§ **Source material**:
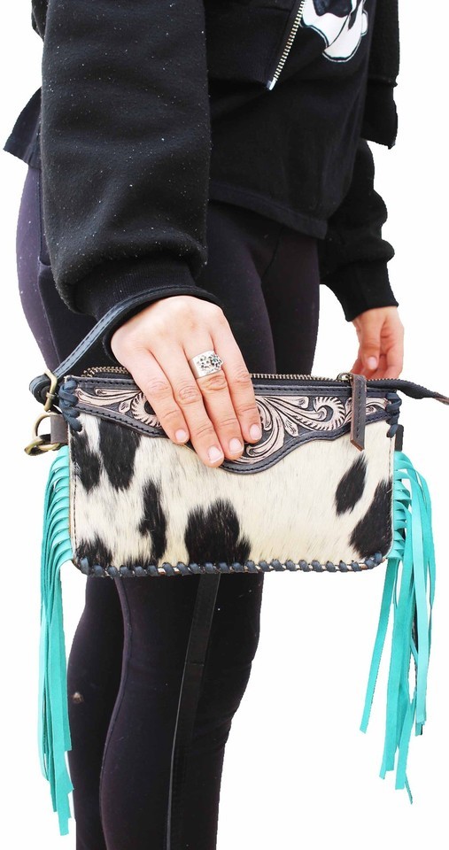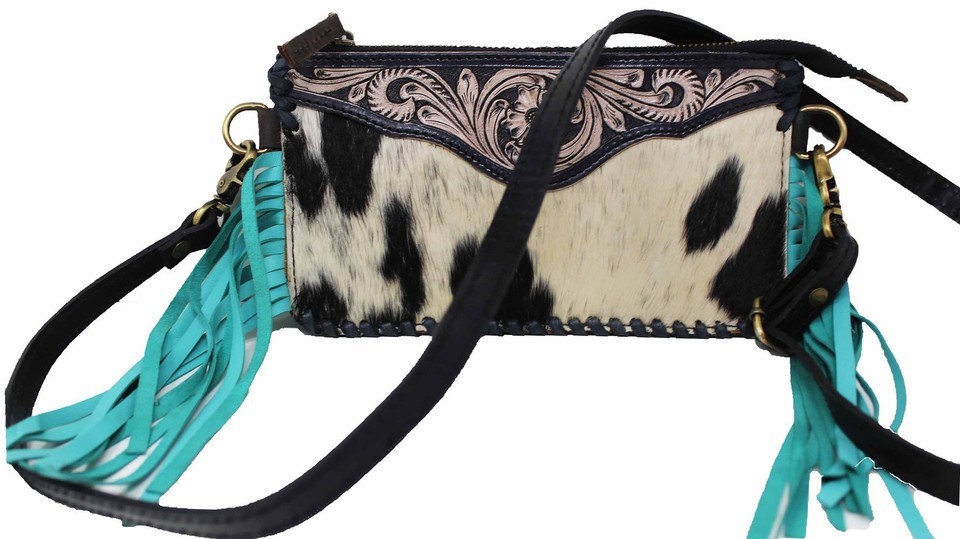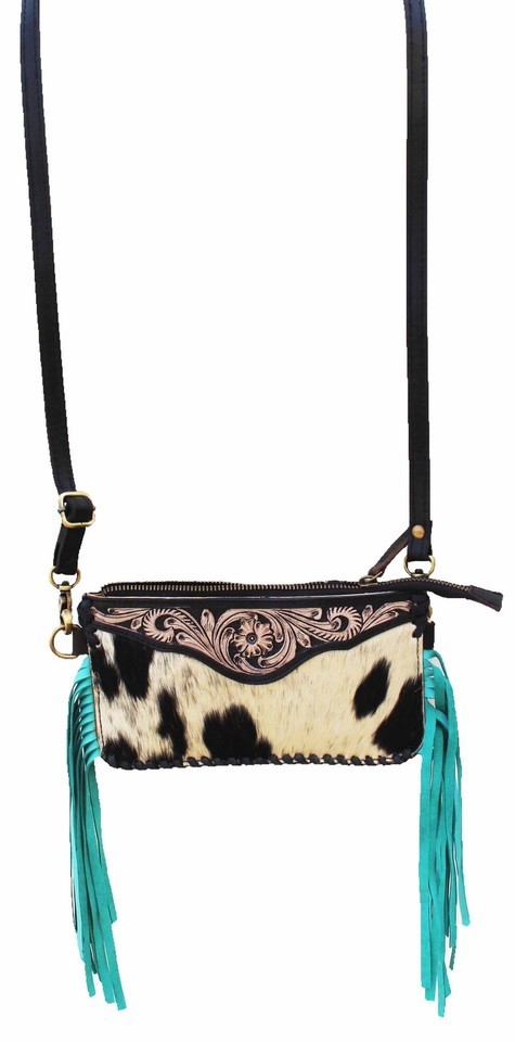 Challenger women's western small crossbody purse made from supple genuine full-grain leather to endure everyday use. Bag comes accented with cowhide front, floral tooled leather inlay, laced bottom, and turquoise side fringe. Includes a removable adjustable shoulder strap. Full zippered main compartment comes fully lined with durable tan canvas and has a side zippered pocket. Backside of bag is made of distressed brown leather. The antique finish brass hardware beautifully ties the bag together. Cowhide is a natural product, each bag may vary slightly in shading, or color making each item a unique product.? Bag measures 8-1/2" L x 5" H.
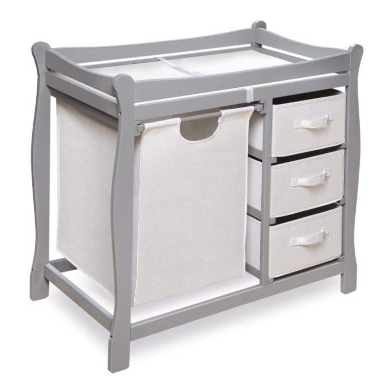 - Ample room for diaper changing on top with storage baskets and a hamper included below
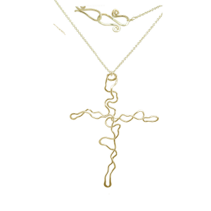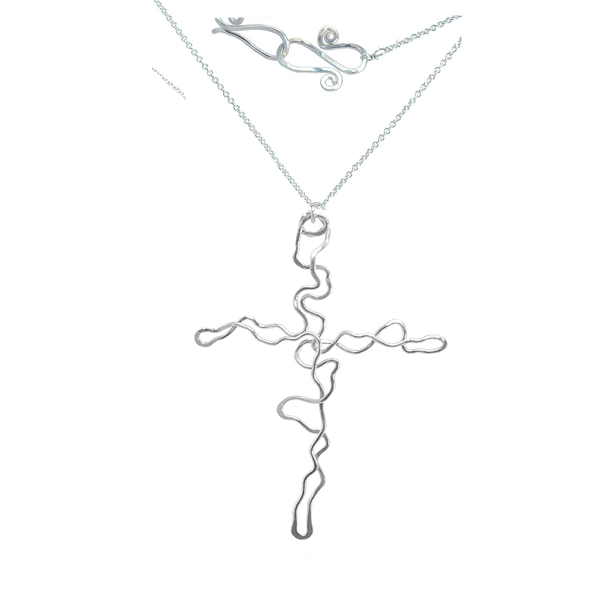 Hammered squiggle cross on fine chain, about 18", pendant about 2" long. Contact us for different lengths.
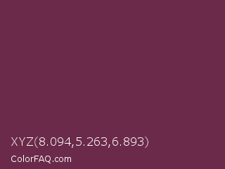 XYZ 8.094,5.263,6.893 Color is a dark rose color and the nearest color is Tawny Port #692545. Hex code #6b2a49 and RGB value is rgb(107,42,73). In RGB color space, this color is composed of 42% red, 16% green, 29% blue, In CMYK color space, this color is composed of 0% cyan, 61% magenta, 32% yellow , 58% black , In HSL color space, this color has a hue angle of 331° , 44% saturation and 29% lightness.
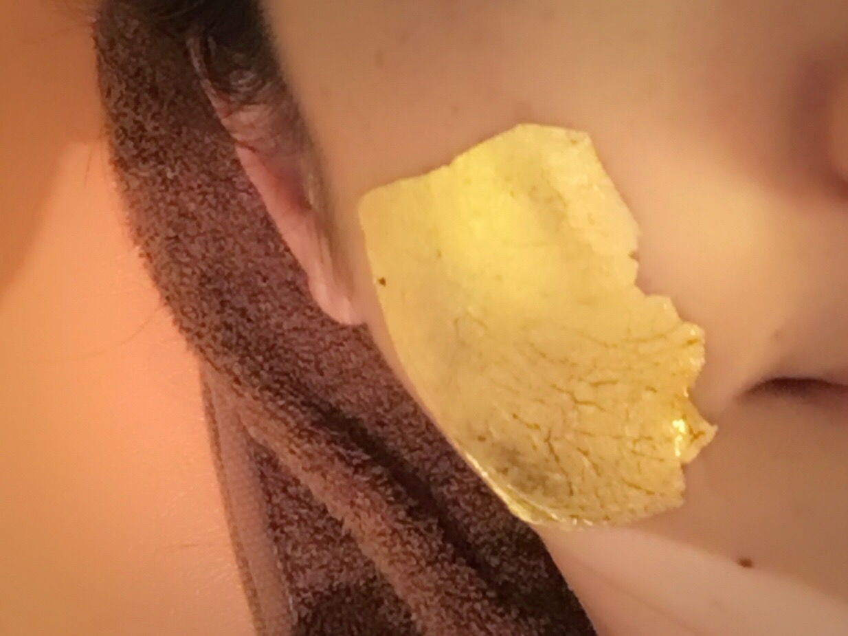 今回、私は右側に歪みがあったらしく、全身施術のあと、右頬のみの金箔。術後は明らかに左頬より上がっております!!
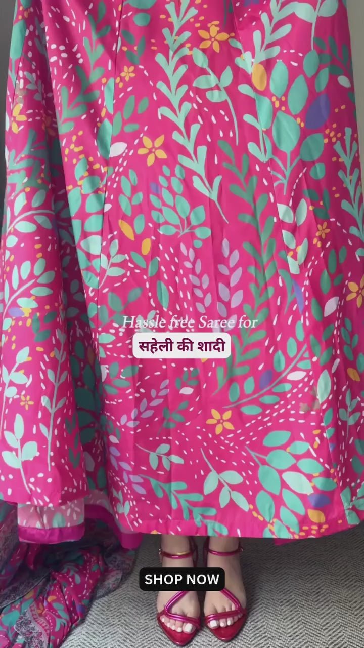 - Pink Saree:Â Elegant floral design with a sari-gown fusion for effortless grace.

§ **Task**:
Everything from the line containing "XYZ 8.094,5.263,6.893 Color" through the last line of the records above is to be reproduced exactly, except the pictures.

§ **Result**:
 XYZ 8.094,5.263,6.893 Color is a dark rose color and the nearest color is Tawny Port #692545. Hex code #6b2a49 and RGB value is rgb(107,42,73). In RGB color space, this color is composed of 42% red, 16% green, 29% blue, In CMYK color space, this color is composed of 0% cyan, 61% magenta, 32% yellow , 58% black , In HSL color space, this color has a hue angle of 331° , 44% saturation and 29% lightness.
 今回、私は右側に歪みがあったらしく、全身施術のあと、右頬のみの金箔。術後は明らかに左頬より上がっております!!
 - Pink Saree:Â Elegant floral design with a sari-gown fusion for effortless grace.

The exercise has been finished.